EXERCISE INSTRUCTIONS> Take the lines below beginning at the line that has "배포한 ArgoCD 페이지에" and stopping after the line that has "フランネルの創設者として公認", and print them exactly as they are, with no other lines.

RAW DATA>
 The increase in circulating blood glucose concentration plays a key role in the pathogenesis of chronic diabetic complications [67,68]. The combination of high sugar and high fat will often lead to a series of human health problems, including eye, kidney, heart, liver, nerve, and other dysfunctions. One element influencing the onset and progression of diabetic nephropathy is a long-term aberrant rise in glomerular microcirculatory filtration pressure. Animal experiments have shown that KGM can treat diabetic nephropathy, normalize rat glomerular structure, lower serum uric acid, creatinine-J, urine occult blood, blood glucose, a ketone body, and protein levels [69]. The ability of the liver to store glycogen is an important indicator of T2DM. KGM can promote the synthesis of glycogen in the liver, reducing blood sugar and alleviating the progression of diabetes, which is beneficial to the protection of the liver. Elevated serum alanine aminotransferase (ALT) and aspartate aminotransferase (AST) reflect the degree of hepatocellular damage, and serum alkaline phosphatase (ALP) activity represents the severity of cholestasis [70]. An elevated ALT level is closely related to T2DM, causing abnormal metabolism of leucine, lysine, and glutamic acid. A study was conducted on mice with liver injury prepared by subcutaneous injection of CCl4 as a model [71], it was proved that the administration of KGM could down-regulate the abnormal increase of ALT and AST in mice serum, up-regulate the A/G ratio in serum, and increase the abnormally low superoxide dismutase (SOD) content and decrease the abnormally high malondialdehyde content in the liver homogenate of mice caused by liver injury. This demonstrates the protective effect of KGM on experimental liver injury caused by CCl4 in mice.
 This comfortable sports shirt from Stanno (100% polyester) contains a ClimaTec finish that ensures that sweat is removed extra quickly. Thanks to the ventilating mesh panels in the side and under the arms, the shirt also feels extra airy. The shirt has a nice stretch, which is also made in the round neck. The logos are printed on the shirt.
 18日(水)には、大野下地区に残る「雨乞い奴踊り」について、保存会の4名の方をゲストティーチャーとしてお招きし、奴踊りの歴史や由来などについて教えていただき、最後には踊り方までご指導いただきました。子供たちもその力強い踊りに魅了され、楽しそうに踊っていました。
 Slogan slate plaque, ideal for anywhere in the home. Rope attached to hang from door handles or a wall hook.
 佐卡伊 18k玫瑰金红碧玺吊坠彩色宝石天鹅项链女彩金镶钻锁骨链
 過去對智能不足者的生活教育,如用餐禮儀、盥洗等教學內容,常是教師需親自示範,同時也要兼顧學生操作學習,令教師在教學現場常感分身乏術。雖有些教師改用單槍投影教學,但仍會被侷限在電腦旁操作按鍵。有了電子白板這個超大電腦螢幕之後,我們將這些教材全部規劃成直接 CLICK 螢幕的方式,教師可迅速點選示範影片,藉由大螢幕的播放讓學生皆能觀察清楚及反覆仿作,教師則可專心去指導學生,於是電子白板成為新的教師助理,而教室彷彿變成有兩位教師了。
---
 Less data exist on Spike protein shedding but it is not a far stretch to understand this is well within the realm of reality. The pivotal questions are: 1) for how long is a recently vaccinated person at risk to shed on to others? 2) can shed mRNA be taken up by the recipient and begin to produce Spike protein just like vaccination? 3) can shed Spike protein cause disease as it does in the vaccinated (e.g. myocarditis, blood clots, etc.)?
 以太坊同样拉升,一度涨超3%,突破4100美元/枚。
* * *
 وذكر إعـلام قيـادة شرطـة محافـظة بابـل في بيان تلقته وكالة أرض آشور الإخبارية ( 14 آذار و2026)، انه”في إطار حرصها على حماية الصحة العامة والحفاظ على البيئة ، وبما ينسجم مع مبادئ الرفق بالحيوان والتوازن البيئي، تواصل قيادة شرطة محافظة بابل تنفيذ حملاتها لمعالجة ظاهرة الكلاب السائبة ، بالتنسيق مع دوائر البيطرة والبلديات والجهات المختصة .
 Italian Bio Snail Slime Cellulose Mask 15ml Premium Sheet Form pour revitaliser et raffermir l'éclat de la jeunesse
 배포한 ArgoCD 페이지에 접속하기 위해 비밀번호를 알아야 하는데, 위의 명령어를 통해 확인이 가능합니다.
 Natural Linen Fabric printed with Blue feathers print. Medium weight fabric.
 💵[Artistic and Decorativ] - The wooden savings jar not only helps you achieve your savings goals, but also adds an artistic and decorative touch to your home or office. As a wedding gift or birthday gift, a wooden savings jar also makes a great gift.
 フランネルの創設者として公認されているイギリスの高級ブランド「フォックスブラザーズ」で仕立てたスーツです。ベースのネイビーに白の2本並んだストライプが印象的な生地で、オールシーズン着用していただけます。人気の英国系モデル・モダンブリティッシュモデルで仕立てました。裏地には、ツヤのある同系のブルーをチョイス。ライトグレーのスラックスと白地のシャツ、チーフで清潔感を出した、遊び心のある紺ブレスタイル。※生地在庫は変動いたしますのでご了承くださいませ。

EXERCISE RESULT>
 배포한 ArgoCD 페이지에 접속하기 위해 비밀번호를 알아야 하는데, 위의 명령어를 통해 확인이 가능합니다.
 Natural Linen Fabric printed with Blue feathers print. Medium weight fabric.
 💵[Artistic and Decorativ] - The wooden savings jar not only helps you achieve your savings goals, but also adds an artistic and decorative touch to your home or office. As a wedding gift or birthday gift, a wooden savings jar also makes a great gift.
 フランネルの創設者として公認されているイギリスの高級ブランド「フォックスブラザーズ」で仕立てたスーツです。ベースのネイビーに白の2本並んだストライプが印象的な生地で、オールシーズン着用していただけます。人気の英国系モデル・モダンブリティッシュモデルで仕立てました。裏地には、ツヤのある同系のブルーをチョイス。ライトグレーのスラックスと白地のシャツ、チーフで清潔感を出した、遊び心のある紺ブレスタイル。※生地在庫は変動いたしますのでご了承くださいませ。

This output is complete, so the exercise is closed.